Exercise details: Keep the pictures out. Write out every line of the listing exactly.

Data below:
- - - - -

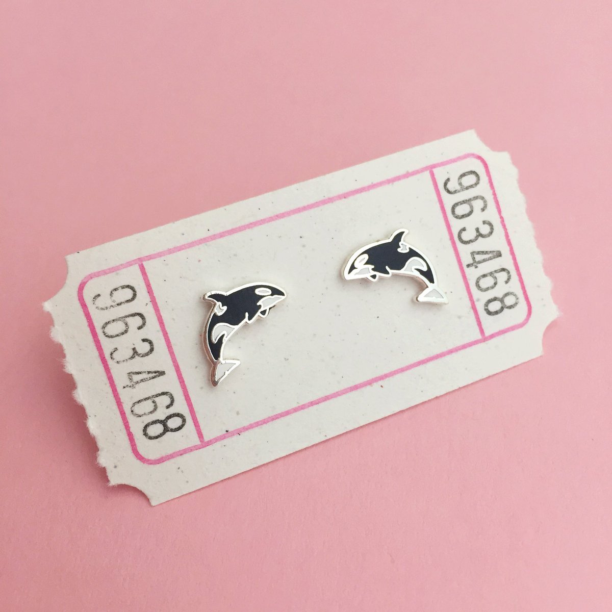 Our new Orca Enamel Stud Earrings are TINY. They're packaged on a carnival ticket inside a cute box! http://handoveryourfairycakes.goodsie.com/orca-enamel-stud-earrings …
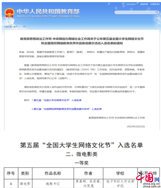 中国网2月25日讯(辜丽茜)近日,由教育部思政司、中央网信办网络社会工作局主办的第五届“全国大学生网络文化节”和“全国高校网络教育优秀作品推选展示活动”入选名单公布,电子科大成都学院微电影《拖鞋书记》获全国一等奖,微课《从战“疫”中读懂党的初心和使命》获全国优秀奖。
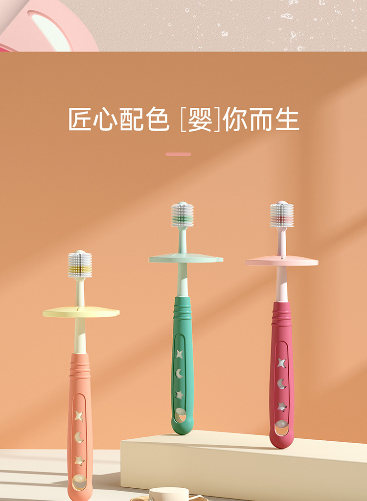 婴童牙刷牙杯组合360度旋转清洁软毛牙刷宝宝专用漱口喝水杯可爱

- - - - -

Task output:
 Our new Orca Enamel Stud Earrings are TINY. They're packaged on a carnival ticket inside a cute box! http://handoveryourfairycakes.goodsie.com/orca-enamel-stud-earrings …
 中国网2月25日讯(辜丽茜)近日,由教育部思政司、中央网信办网络社会工作局主办的第五届“全国大学生网络文化节”和“全国高校网络教育优秀作品推选展示活动”入选名单公布,电子科大成都学院微电影《拖鞋书记》获全国一等奖,微课《从战“疫”中读懂党的初心和使命》获全国优秀奖。
 婴童牙刷牙杯组合360度旋转清洁软毛牙刷宝宝专用漱口喝水杯可爱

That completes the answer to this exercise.